#### Task:
Beginning at the line containing "Cielo rojo al atardecer sobre un campo verde", repeat each line below exactly up to and including the line containing "Der Protest, um". Do not repeat the pictures.

#### Records to use:

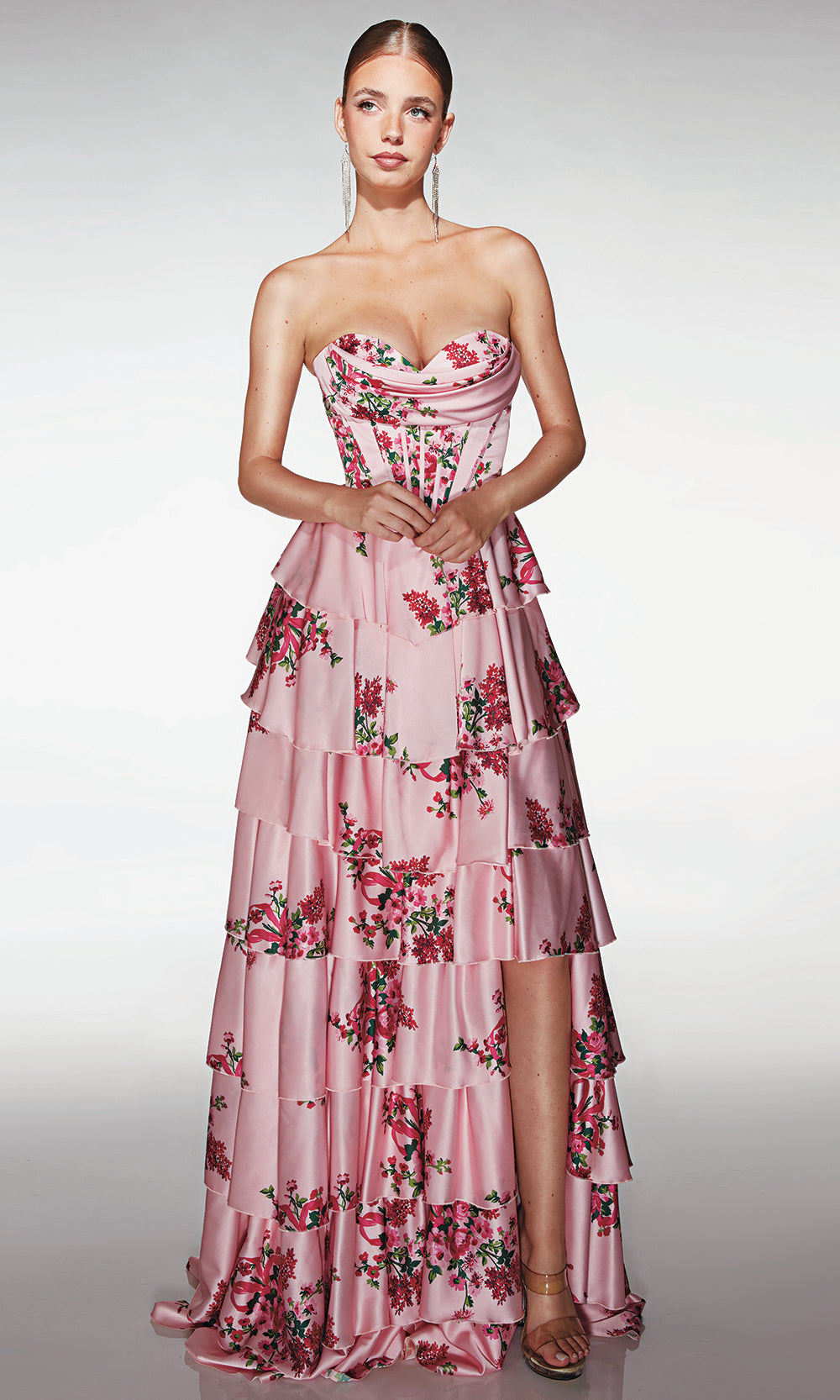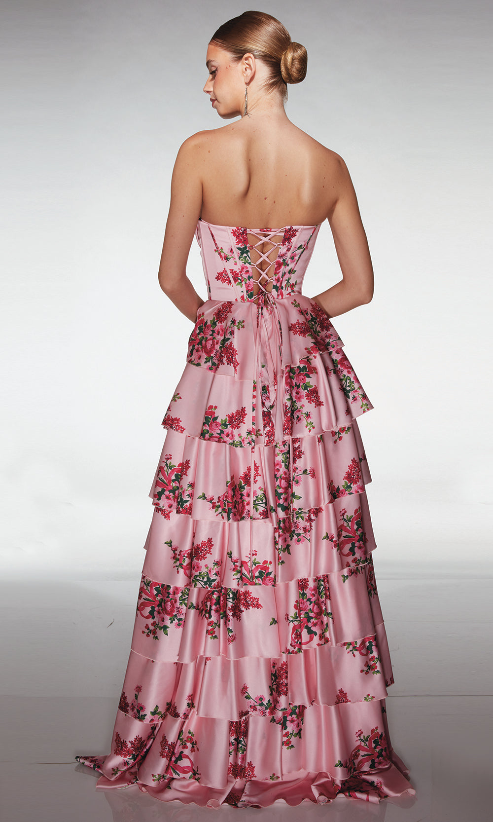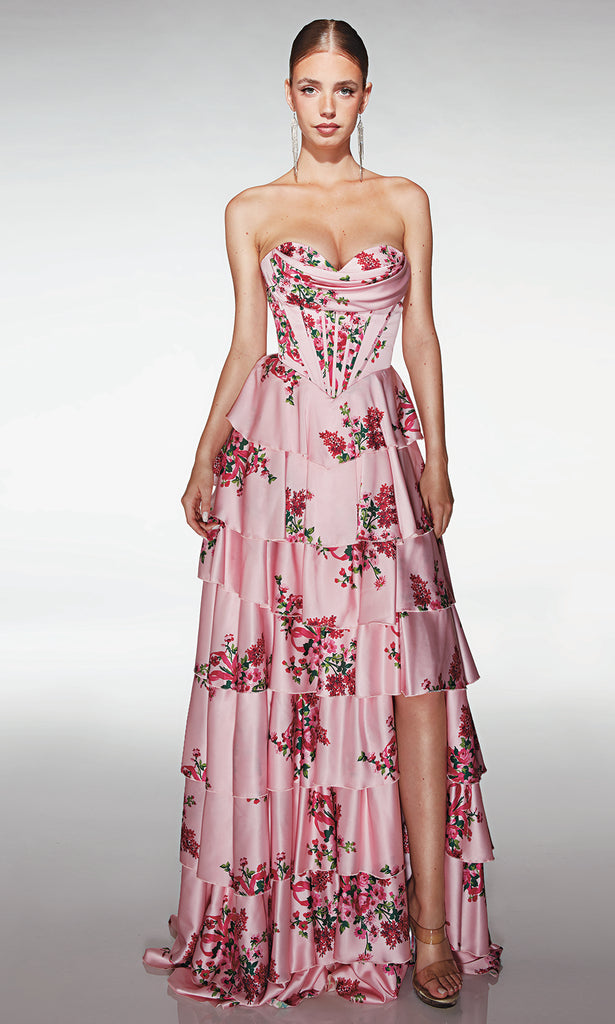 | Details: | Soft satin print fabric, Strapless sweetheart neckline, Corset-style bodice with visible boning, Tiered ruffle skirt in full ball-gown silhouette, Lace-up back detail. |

==

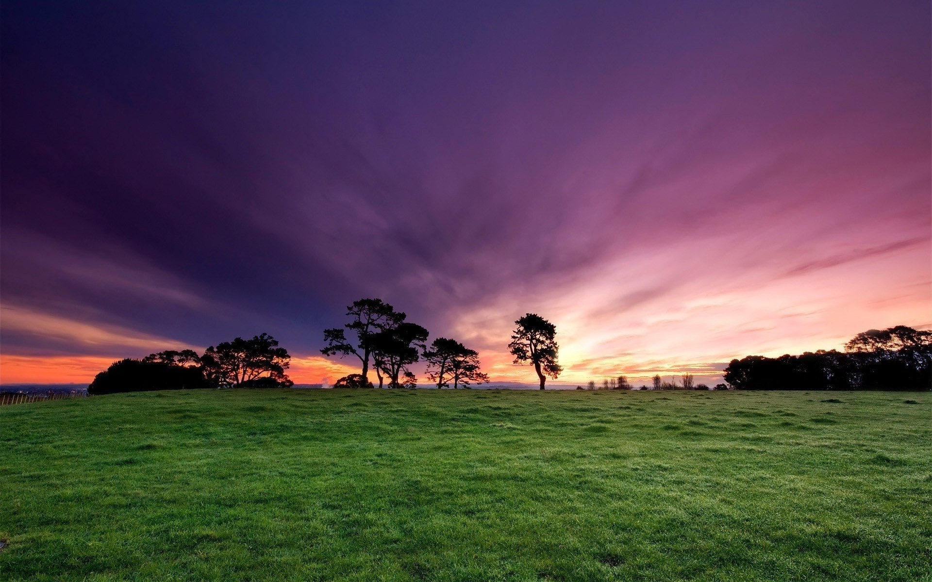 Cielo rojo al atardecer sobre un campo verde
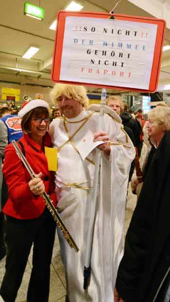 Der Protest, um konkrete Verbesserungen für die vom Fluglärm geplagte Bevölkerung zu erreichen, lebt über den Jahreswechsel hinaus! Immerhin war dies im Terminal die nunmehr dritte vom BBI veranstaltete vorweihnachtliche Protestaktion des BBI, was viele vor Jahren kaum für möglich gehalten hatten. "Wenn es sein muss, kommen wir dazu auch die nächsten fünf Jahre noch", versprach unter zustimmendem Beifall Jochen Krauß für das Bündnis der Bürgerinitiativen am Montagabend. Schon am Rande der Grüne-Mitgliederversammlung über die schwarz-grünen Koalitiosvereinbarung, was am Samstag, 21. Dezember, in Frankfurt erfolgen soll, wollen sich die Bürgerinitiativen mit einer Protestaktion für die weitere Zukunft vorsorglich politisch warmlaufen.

#### Response to this task:
 Cielo rojo al atardecer sobre un campo verde
 Der Protest, um konkrete Verbesserungen für die vom Fluglärm geplagte Bevölkerung zu erreichen, lebt über den Jahreswechsel hinaus! Immerhin war dies im Terminal die nunmehr dritte vom BBI veranstaltete vorweihnachtliche Protestaktion des BBI, was viele vor Jahren kaum für möglich gehalten hatten. "Wenn es sein muss, kommen wir dazu auch die nächsten fünf Jahre noch", versprach unter zustimmendem Beifall Jochen Krauß für das Bündnis der Bürgerinitiativen am Montagabend. Schon am Rande der Grüne-Mitgliederversammlung über die schwarz-grünen Koalitiosvereinbarung, was am Samstag, 21. Dezember, in Frankfurt erfolgen soll, wollen sich die Bürgerinitiativen mit einer Protestaktion für die weitere Zukunft vorsorglich politisch warmlaufen.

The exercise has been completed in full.